Luckily, I stuck to my guns and did not divvy out my dating cards to anyone and everyone. Plus, I wasn’t ready to date until just recently. I’ve held off until the stars aligned and it felt ‘right’ (or whatever you want to call it). It was slim pickings for awhile, my friends. I think an important thing that differs from other periods of singlehood in my life is that I distinctly know what I’m not looking for. I might not be able to pinpoint everything I want, but I sure as hell know what I can do without..
This brings me to some shenanery that’s been going on at the office. I’m going to call this guy out. I am fairly sure he’ll read this. Is that awkward? No. He can take it. Any guy can take it. It’s a matter of how you handle it. But also, I’m not terrified of this person, and think he’ll take this with a decent amount of pride, so I’m not too worried about it.

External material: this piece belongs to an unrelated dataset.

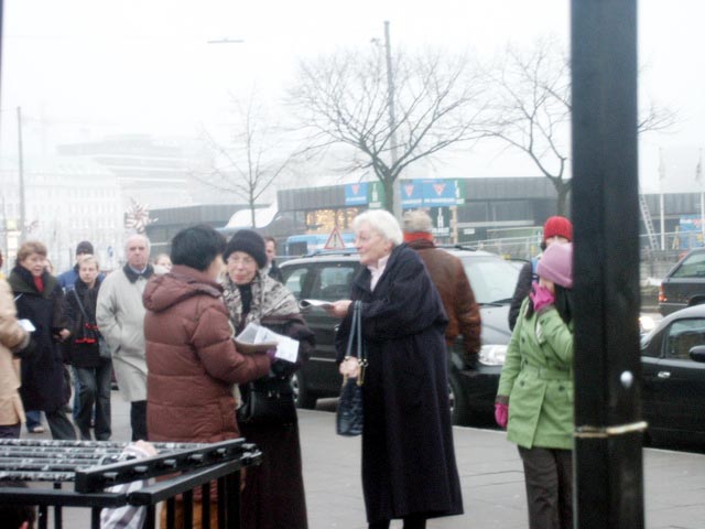 一位年长的女士停下来看展览,她很诚恳的说,“向全世界展示共产党干的所有恐怖事情,真是太好了!”她认为中共所干的这一切完全出自于妒嫉,她也告诉学员们她在一个波兰的劳改营中也因为类似的原因而受到过酷刑折磨,她经常做恶梦以及想起她以前所承受的酷刑,她衷心的希望中国的法轮功学员能很快的从苦难中被解救出来。她也签了请愿信,并给学员们最好的祝愿。

Note: I did not date this man.
Let me start by saying that some of the stuff I’m about to say is all “alleged.” Meaning it’s all their words against his, “they” being the ladies I’m about to mention. The only reason I really know this guy is because he is notorious around the office for hooking up with various women, all of whom I have contact with and/or work with closely. Kind of weird. He claims this is all hearsay, or pulls a, “Well, now that I think about it, did we make out?” to try to keep himself honest. Frankly I don’t buy it and don’t feel like women would just make up random makeouts out of the blue; most women tend to hide makeouts, not make them up out of thin air (unless they’re crazy).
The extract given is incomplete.